→ **Items from a dataset**
[Start of section]
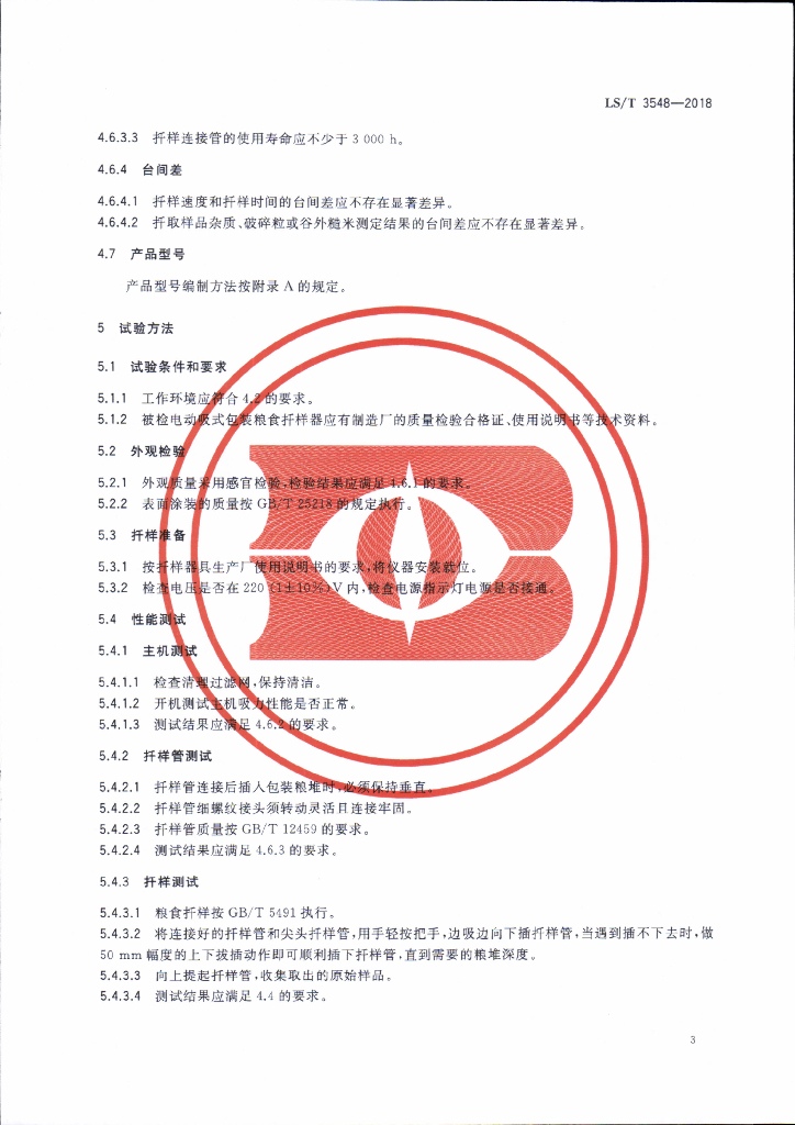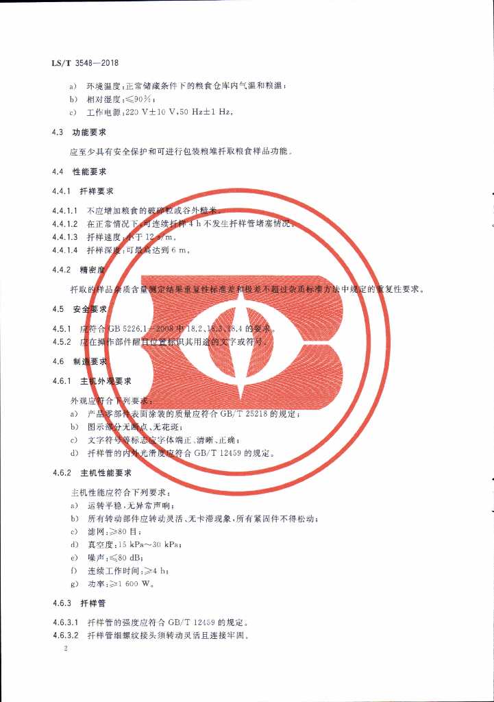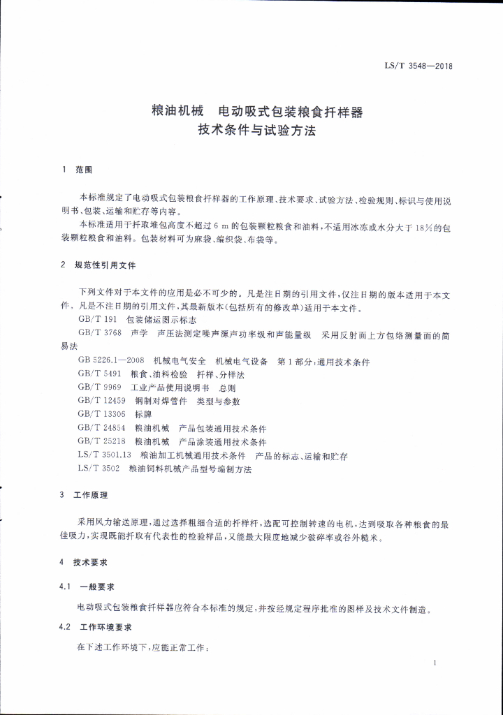 LS/T 3548-2018 粮油机械 电动吸式包装粮食扦样器技术条件与试验方法
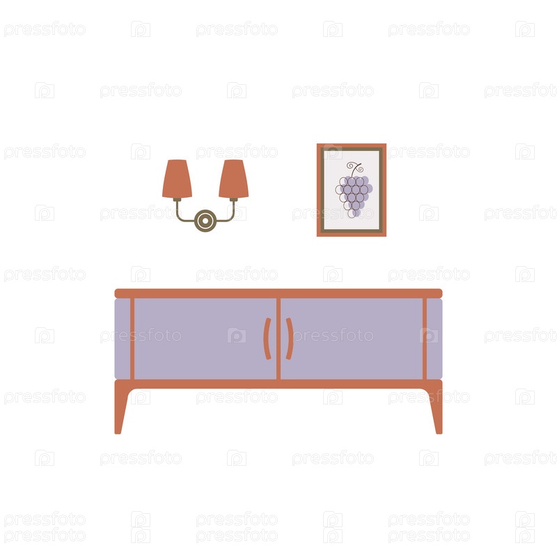 Интерьерная плоская цветная иконка с тумбочкой, настенным светильником и постером с виноградом
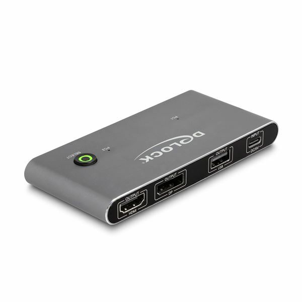 KVM stikalo Delock je priročna rešitev za povezavo dveh računalnikov z izhodom USB TipC DP Alt Mode na en HDMI in en DisplayPort monitor. Z gumbom lahko preklapljate med obema računalnikoma. Multi-Stream Transport (MST) in podpira razširjeno konfiguracijo namizja DisplayPort. V sistemu Windows se priključeni monitorji upravljajo posamično in jih je mogoče združiti v en velik zaslon.
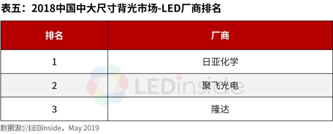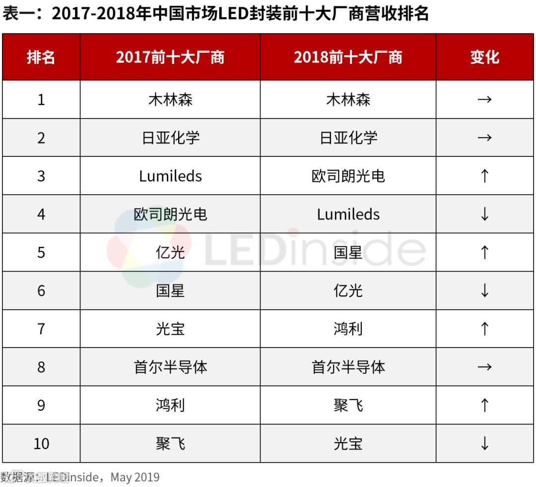 整体来看中国LED产业发展,中国大陆厂商受惠于产能与代工订单,2018年排名均有所提升,木林森、国星、聚飞、鸿利营业收入继续增长。国际厂商日亚化学凭借背光、车用及照明等高端应用市场的技术专利优势,保持第二;欧司朗光电半导体 (OSRAM OS) 则凭借汽车照明、景观亮化等市场的优势,排名上升一位至第三。中国台湾地区及国际厂商在高端领域依然表现出强大的竞争力。前十大厂商市占率为47%,与2017年相比微幅下滑。主要原因为东山精密和天电光电等新秀厂商高速追赶,且2018年营收均有不错的成长,未来两年内有望冲击前十。
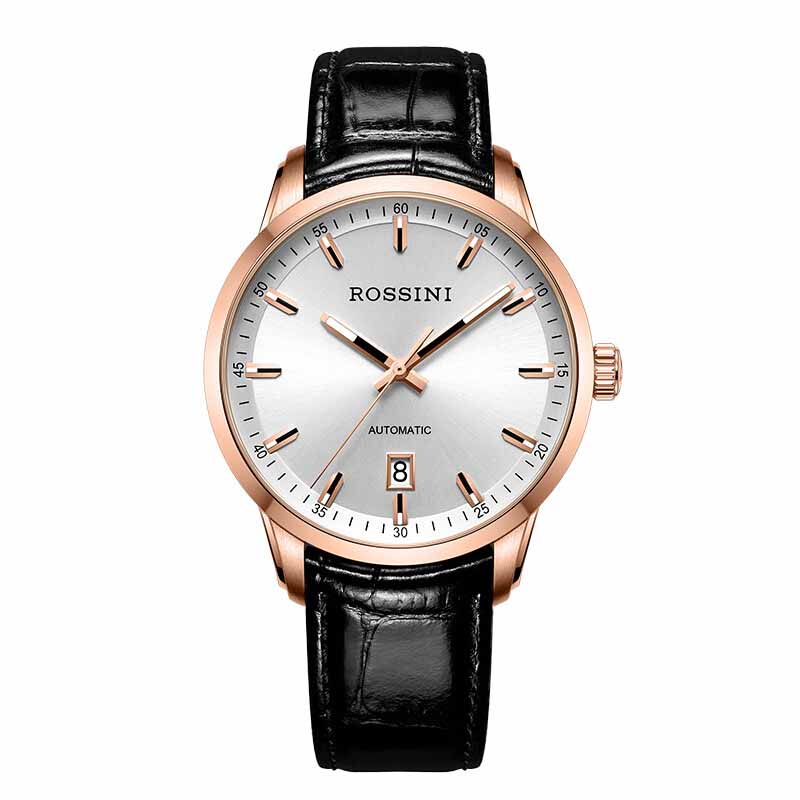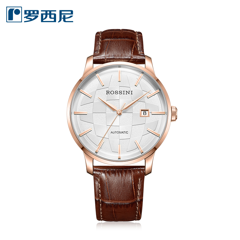 Rossini罗西尼 机械手表商务休闲时尚夜光日历防水情侣款 白盘皮带男表50019G01C
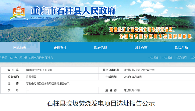 【中國環(huán)保在線 地方新聞】根據(jù)《重慶市生活垃圾焚燒發(fā)電規(guī)劃(2015-2020年)》,提出建設豐都—石柱垃圾焚燒發(fā)電廠,由于規(guī)劃選址布局調(diào)整,增加石柱縣生活垃圾焚燒發(fā)電廠的規(guī)劃選址,輻射范圍包括豐都縣、石柱縣。 公示項目:石柱縣垃圾焚燒發(fā)電項目選址報告 公示內(nèi)容: 根據(jù)《重慶市生活垃圾焚...
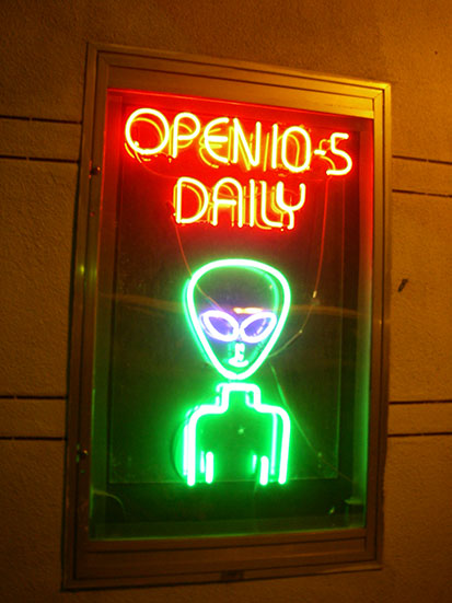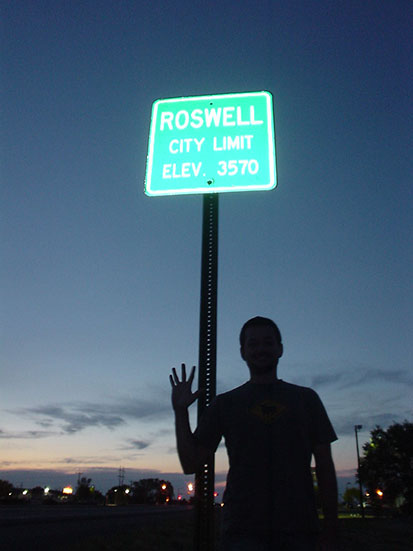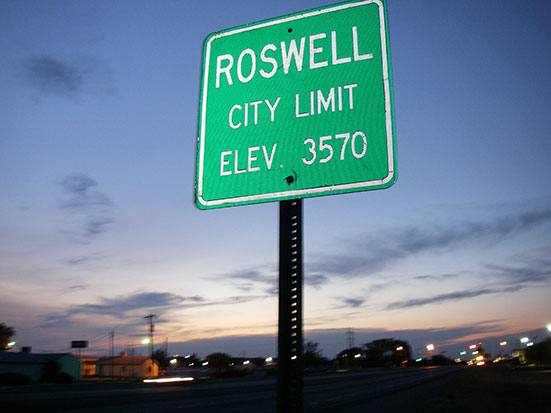 Vorbei an den typisch texanischen Öl oder Wasserpumpen fuhren wir weiter Richtung Roswell. Eine Radiowerbung für ein UFO Musikfest beruhigte, dass wir richtig waren. Am Ortseingangsschild ein paar Bilder. Cool. In der Innenstadt war vieles auf die Aliens gestylt. Die Straßenlaternen hatten Alien-Augen, der McDonalds schaute aus, wie ein UFO.
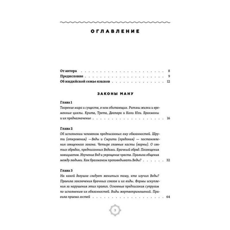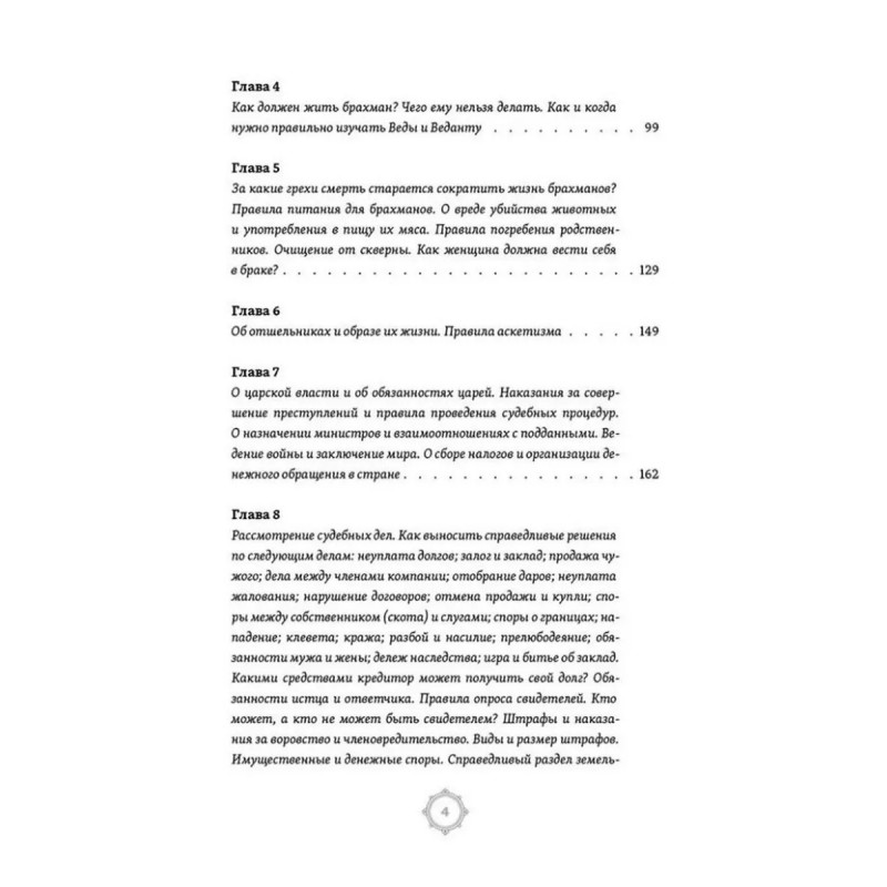 «Законы Ману» — древнеиндийский сборник права, религиозно-нравственных и правовых предписаний, приписываемый традицией легендарному прародителю человечества — Ману. По современным представлениям этот уникальный текст был составлен в период со II века до н.э. по II век н. э., однако его генеалогия прослеживается значительно дальше, до середины II тысячелетия донашей эры, когда северная Индия была завоёвана арийцами. Эта книга состоит из двенадцати глав.
[End of section]
→ **Problem to work on**
All the records need to be printed again exactly as written, though without their pictures.

→ **Task result**
 LS/T 3548-2018 粮油机械 电动吸式包装粮食扦样器技术条件与试验方法
 Интерьерная плоская цветная иконка с тумбочкой, настенным светильником и постером с виноградом
 KVM stikalo Delock je priročna rešitev za povezavo dveh računalnikov z izhodom USB TipC DP Alt Mode na en HDMI in en DisplayPort monitor. Z gumbom lahko preklapljate med obema računalnikoma. Multi-Stream Transport (MST) in podpira razširjeno konfiguracijo namizja DisplayPort. V sistemu Windows se priključeni monitorji upravljajo posamično in jih je mogoče združiti v en velik zaslon.
 整体来看中国LED产业发展,中国大陆厂商受惠于产能与代工订单,2018年排名均有所提升,木林森、国星、聚飞、鸿利营业收入继续增长。国际厂商日亚化学凭借背光、车用及照明等高端应用市场的技术专利优势,保持第二;欧司朗光电半导体 (OSRAM OS) 则凭借汽车照明、景观亮化等市场的优势,排名上升一位至第三。中国台湾地区及国际厂商在高端领域依然表现出强大的竞争力。前十大厂商市占率为47%,与2017年相比微幅下滑。主要原因为东山精密和天电光电等新秀厂商高速追赶,且2018年营收均有不错的成长,未来两年内有望冲击前十。
 Rossini罗西尼 机械手表商务休闲时尚夜光日历防水情侣款 白盘皮带男表50019G01C
 【中國環(huán)保在線 地方新聞】根據(jù)《重慶市生活垃圾焚燒發(fā)電規(guī)劃(2015-2020年)》,提出建設豐都—石柱垃圾焚燒發(fā)電廠,由于規(guī)劃選址布局調(diào)整,增加石柱縣生活垃圾焚燒發(fā)電廠的規(guī)劃選址,輻射范圍包括豐都縣、石柱縣。 公示項目:石柱縣垃圾焚燒發(fā)電項目選址報告 公示內(nèi)容: 根據(jù)《重慶市生活垃圾焚...
 Vorbei an den typisch texanischen Öl oder Wasserpumpen fuhren wir weiter Richtung Roswell. Eine Radiowerbung für ein UFO Musikfest beruhigte, dass wir richtig waren. Am Ortseingangsschild ein paar Bilder. Cool. In der Innenstadt war vieles auf die Aliens gestylt. Die Straßenlaternen hatten Alien-Augen, der McDonalds schaute aus, wie ein UFO.
 «Законы Ману» — древнеиндийский сборник права, религиозно-нравственных и правовых предписаний, приписываемый традицией легендарному прародителю человечества — Ману. По современным представлениям этот уникальный текст был составлен в период со II века до н.э. по II век н. э., однако его генеалогия прослеживается значительно дальше, до середины II тысячелетия донашей эры, когда северная Индия была завоёвана арийцами. Эта книга состоит из двенадцати глав.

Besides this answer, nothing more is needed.